Узрев столь щедрую награду за свой подвиг – краску в ее щеках, ее безраздельное внимание, – Джо стоял и большим пальцем чесал нос: легкость успеха смутила его, точно борца, что уложил противника на маты спустя девятнадцать секунд после начала первого раунда.
– Я тебя знаю, – сказала Роза, снова краснея. – В смысле, я… тебя вспомнила.
– Я тебя тоже помню, – ответил он, понадеявшись, что в голос не прокралась похоть.
– А ты бы… я бы хотела показать тебе мою живопись, – сказала она. – Если хочешь. У меня тут… студия наверху.

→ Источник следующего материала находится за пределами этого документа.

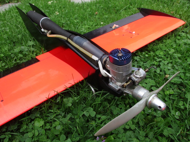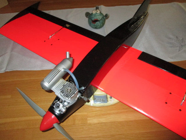 ... 40gr. leicher als der 'Prototyp' ... mein 5. - mit 6,5cc Super Tigre Heckauslass ... der Rumpf wurde etwas modifiziert ... für Heckauslass + Reso mit Doppelleitwerk !
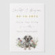 Vellum paper save the date template with Dalmation dog design. Wildflowers and black puppy image at the bottom of transparent paper. Customise for your event using five lines text in script and printed fonts in black and gold. Easily change the text colour in the design tool, or ask me for help.
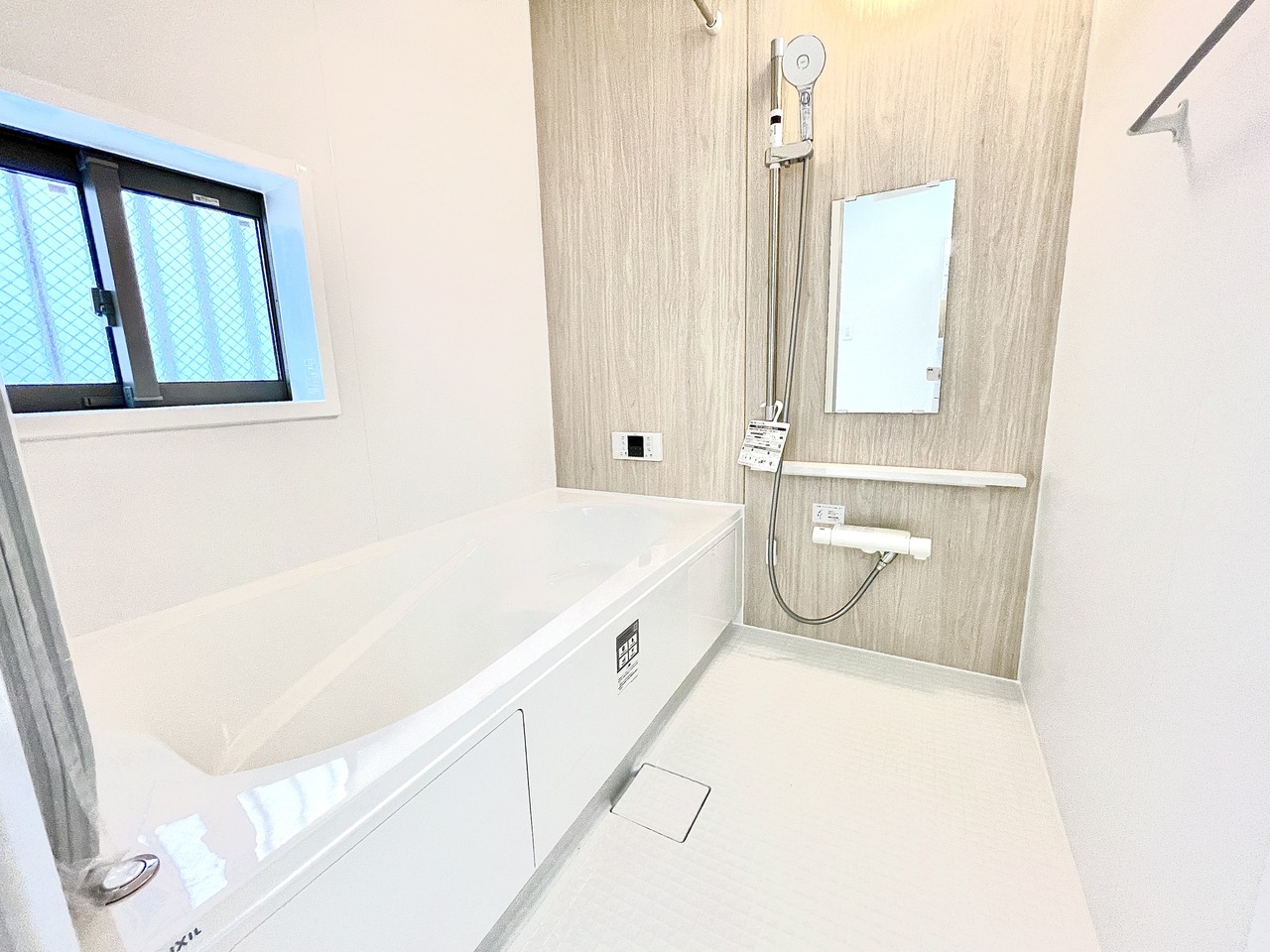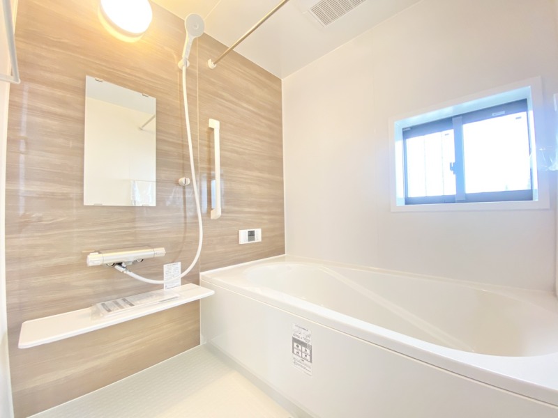 ■浴室乾燥機付きユニットバス(追炊き付き) ユニットバスは全てが浴室のために設計されているため、掃除のしやすさやカビの生えにくさ汚れにくさに特化しています。 素材は汚れが付きにくいものが使用され、お手入れが最小限に抑えられる浴室となっております。
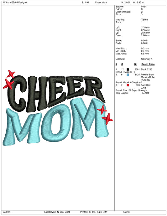 Archivos de diseño de bordado "Cheer Mom" - 3 tamaños
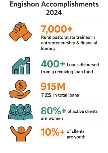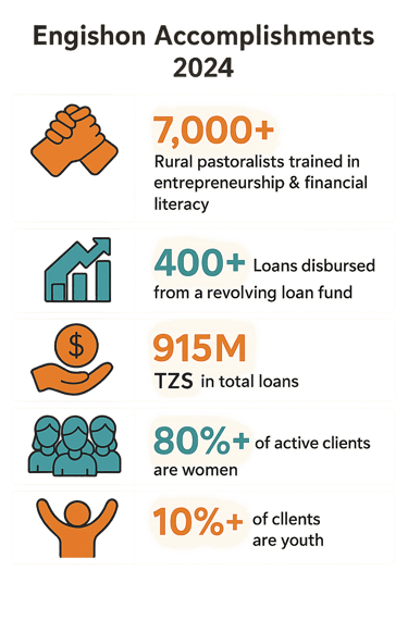 By 2024, Engishon had reached over 7,000 pastoralists with business and entrepreneurship training, helped improve their financial literacy, and provided over 915,000,000 TZS (equivalent to USD $360,000) in revolving loans to qualifying clients. Over 80% of people directly benefitting from ENGISHON loans in 2024 are women, and over 10% are youth.
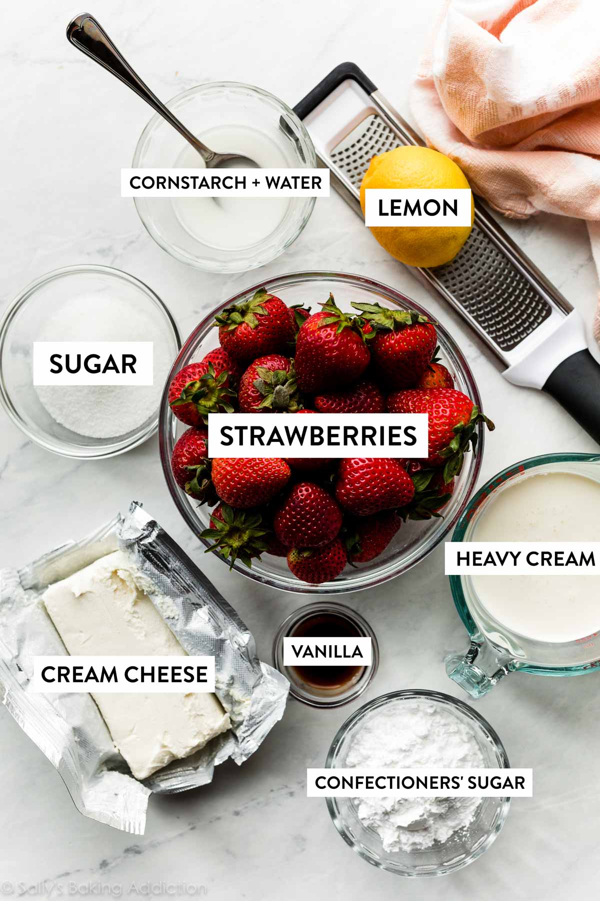 1. Make the strawberry topping first so it can cool: Chop some of the strawberries until you have 1 cup, or 150–160 grams/5.5 ounces. Quarter the remaining strawberries (you should end up with about 3.5 cups, or about 500 grams/18 ounces, of quartered strawberries) and set aside until step 5. Lightly mash the chopped strawberries with a pastry cutter, potato masher, or a fork. Using a fork, mix the cornstarch and water together in a small bowl until the cornstarch has dissolved. Warm the mashed strawberries, cornstarch mixture, and sugar together in a small saucepan over medium heat. Cook until boiling, stirring often. Mixture will be cloudy. Boil 1 minute or until it’s thick like a jam (no longer liquid-y). Remove from heat, stir in the lemon zest, and cool completely. (Must completely cool, so transferring to a bowl out of the saucepan helps speed that up. Feel free to refrigerate it. You can complete a few other steps in the recipe as the mixture cools.)
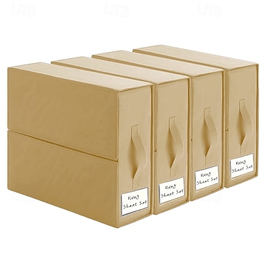 Organizador de sábanas plegable (paquete de 4), cajas de almacenamiento de tela Oxford con asas, contenedores de ropa debajo de la cama para ropa de cama, armario, viajes y uso doméstico.
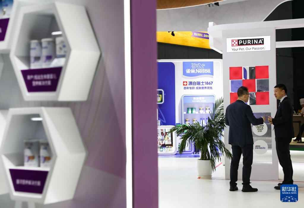 这是11月7日拍摄的位于农食产品展区的雀巢集团展台。雀巢是进博会八届“全勤生”。
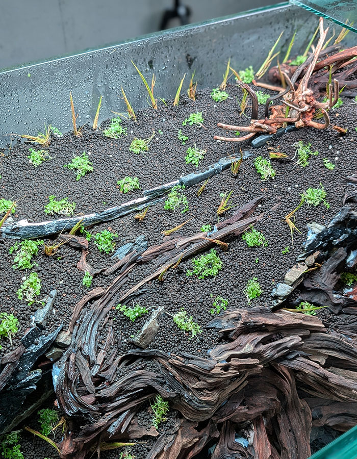 水槽上部のソイルも水分を吸って、しっとりしたら
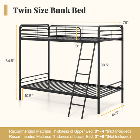 Heavy Duty Metal Bunk Bed with Ladder and Safety Guardrails-Black
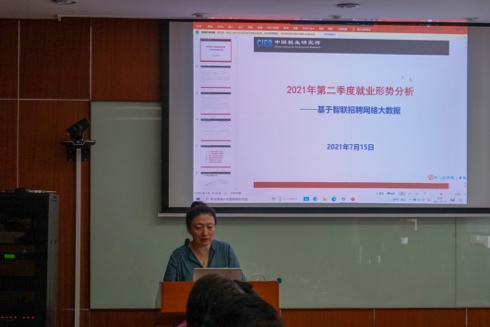 在主题报告阶段,耿林研究员作了题为《2021年第二季度就业形势分析——基于智联招聘网络大数据》的主题报告。报告首先对2021年第二季度的就业市场总体情况进行介绍,预测了2021第三季度的就业形势,随后进一步就不同行业及职业、不同行政区域及不同等级城市、不同企业规模和不同企业性质的就业景气程度进行了深入分析。报告指出,2021年第二季度就业景气指数(CIER指数)的季度指标上升至2.09,高于上季度的1.66和去年同期的1.35。从CIER指数的月度指标来看,2021年4月份需求同比大幅度上升21.08%,供给同比下降31.70%,CIER指数同比上升;5月份需求同比增加13.00%,供给同比下降30.19%,CIER指数同比上升;6月份需求人数基本不变,供给同比下降22.40%,CIER同比上升。综合三个月来看,一季度CIER指数环比、同比均上升。
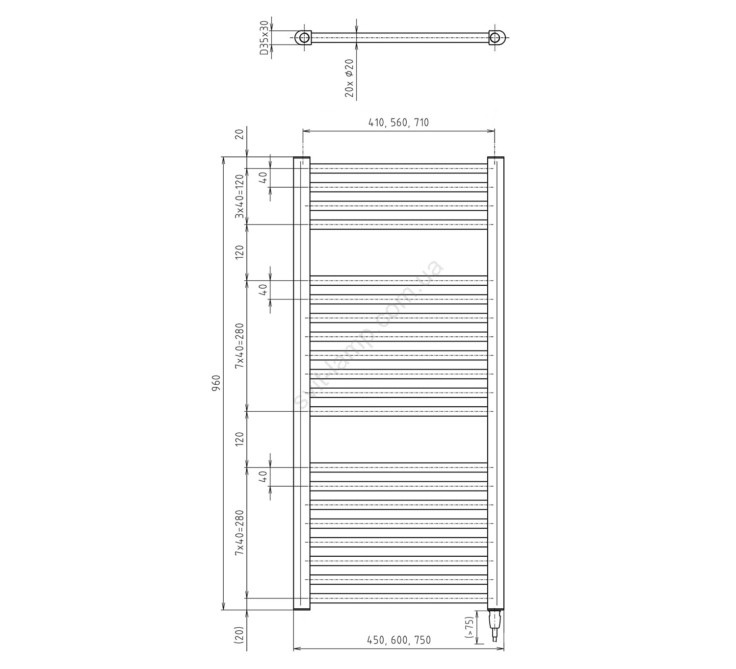 Aqualine - Электрический радиатор для ванной комнаты DIRECT-E 300W/230V 96 см белый прямой
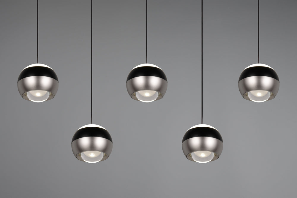 Descubre la iluminación inteligente con la lámpara colgante Trio Orbit de 5 luces en níquel mate, una luminaria que se adapta a tu vida y transforma cada espacio según tus necesidades.

Джо замялся. С прибытия в Нью-Йорк он не дозволял себе общаться с женщинами удовольствия ради. По-английски это нелегко, и вообще он сюда не с девчонками флиртовать приехал. У него нет времени, и более того, он считал, что не имеет права на такие радости, а равно на обязательства, что неизбежно воспоследуют. Ему казалось – он этого не формулировал, но ощущение было сильное и по-своему утешительное, – что свобода его оправдана лишь в той мере, в которой он зарабатывает ею свободу для брошенных родных. Его жизнь в Америке условна, временна, не обременена личными связями, помимо дружбы и партнерства с Сэмми Клеем.
– Я…
И в этот миг его отвлекли – где-то в гостиной кто-то говорил по-немецки. Джо развернулся, поискал и нашел в гвалте лиц те губы, что двигались в такт элегантным тевтонским слогам. Мясистые губы, сурово чувственные, уголки опущены эдак просвещенно, в гримасе проницательного суждения и горького здравомыслия. Гримасничающий был подтянут и спортивен, в черной водолазке и вельветовых брюках, почти без подбородка, зато с высоким лбом и крупным горделивым германским носом. Волосы тонкие и светлые, блестящие черные глаза поблескивали озорством, изобличавшим фальшь сумрачной мины. В этих глазах горело воодушевление, наслаждение предметом беседы. Речь шла, насколько разобрал Джо, о танцевальной труппе чернокожих братьев Николас.
Джо захлестнул знакомый восторг, адреналиновое пламя, что выжигало сомнения и смятение, оставляя по себе лишь чистый, прозрачный, бесцветный дымок ярости. Джо глубоко вздохнул и повернулся к немцу спиной[7].
– Я очень хочу посмотреть твои работы, – сказал он.
10
Лестница была крута, а ступени узки. Над первым этажом наросли еще три, и Роза вела Джо на самый верх. Они карабкались; мрак и жуть сгущались. Слева и справа висели сотни обрамленных портретов Розиного отца, тщательно подогнанных, точно кафель, и покрывавших стены до последнего дюйма. На всех, насколько Джо разглядел в ходе этой стремительной экскурсии, модель складывала лицо в одну и ту же дурацкую гримасу человека, сдерживающего пердеж; если разница между снимками и была – не считая того, что одни люди лучше других умеют наводить фокус телепатическим способом, – Джо не заметил. Они взбирались в сгущающейся тьме, и Джо ориентировался только по свету Розиной ладони у себя на запястье, по легкому и ровному потоку электрических разрядов, что тек сквозь проводящую среду их пота. Джо спотыкался, как пьяный, и смеялся, когда Роза его подгоняла. Рука вроде болела, но он не обращал внимания. На повороте площадки верхнего этажа прядь Розиных волос хлестнула его по лицу, и на миг он до хруста стиснул ее зубами.